Without an NVIDIA GPU, the app runs on CPU. Use int8 compute type and a smaller model (small or base) for acceptable speed on CPU.

Python:

  • Python 3.10+
  • PortAudio (bundled with sounddevice wheels)

Installation

Windows

install.bat

This creates a .venv-windows virtual environment, installs all dependencies and the CUDA 12 DLLs required by faster-whisper.

Linux

chmod +x install.sh start.sh build-linux.sh
./install.sh

Creates a .venv-linux virtual environment with all dependencies and PyInstaller.

Usage

Windows

start.bat

Linux

./start.sh

The app starts in the system tray. Hold the hotkey (default: Ctrl+Shift+Space) to record, release to transcribe and type into the active window.

Build

Builds are platform-specific and output to separate directories:

  • Windows: dist/whisper-dictation-windows/
  • Linux: dist/whisper-dictation-linux/

Windows

.venv-windows\Scripts\python.exe build.py

Linux

./build-linux.sh

Both use PyInstaller to bundle the app into a standalone folder. The resulting executable can be run without a Python installation.

Configuration

Shared config (config.json, in app directory)

Key Default Description
hotkey ctrl+shift+space Recording trigger
language de Transcription language (de, en, fr, es, it, null = auto)
sample_rate 16000 Audio sample rate in Hz
vocab_path "" Path to vocabulary file (empty = local vocabulary.json)
model_dir "" Path to shared model cache directory (empty = default HuggingFace cache)
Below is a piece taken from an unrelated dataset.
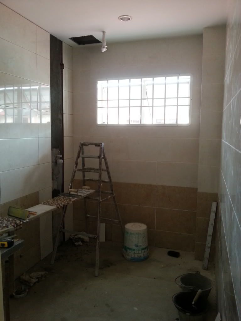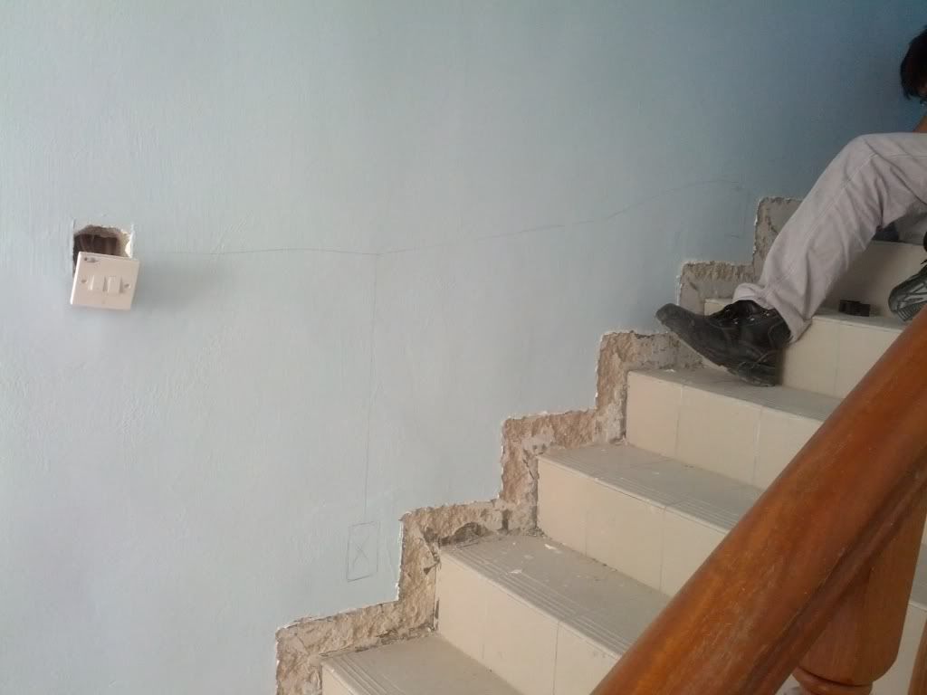 其实,最好水泥和拉电的工作做完才油漆。酱就不会浪费漆料和颜色不均衡的问题。

Local config (config_local.json, per machine)

Stored outside the app directory to keep machine-specific settings separate:

  • Windows: %LOCALAPPDATA%\WhisperDictation\config_local.json
  • Linux: ~/.local/share/WhisperDictation/config_local.json
Key Default Description
model medium Whisper model size (tiny, base, small, medium, large-v2, large-v3)
device cuda Inference device (cuda or cpu)
compute_type float16 Precision (float16 for GPU, int8 for CPU, float32)
audio_device null Microphone (null = system default)

Sharing data between Windows and Linux

On a shared drive (e.g. Ventoy USB), both builds can use the same vocabulary and model files. Set vocab_path and model_dir in the Settings UI to point to a common directory:

shared_data/
  vocabulary.json    <- shared vocabulary
  models/            <- shared Whisper model cache

Audio settings, model selection, and compute type remain per-platform in config_local.json.

Vocabulary

Custom vocabulary/replacements can be edited via the Settings UI or directly in vocabulary.json. Words are passed as initial prompts to improve recognition of domain-specific terms. Replacements are applied as find/replace after transcription.

Model Download

On first start the selected Whisper model is downloaded automatically from HuggingFace (~500 MB for medium). Subsequent starts use the cached model. Set model_dir to share the cache between builds.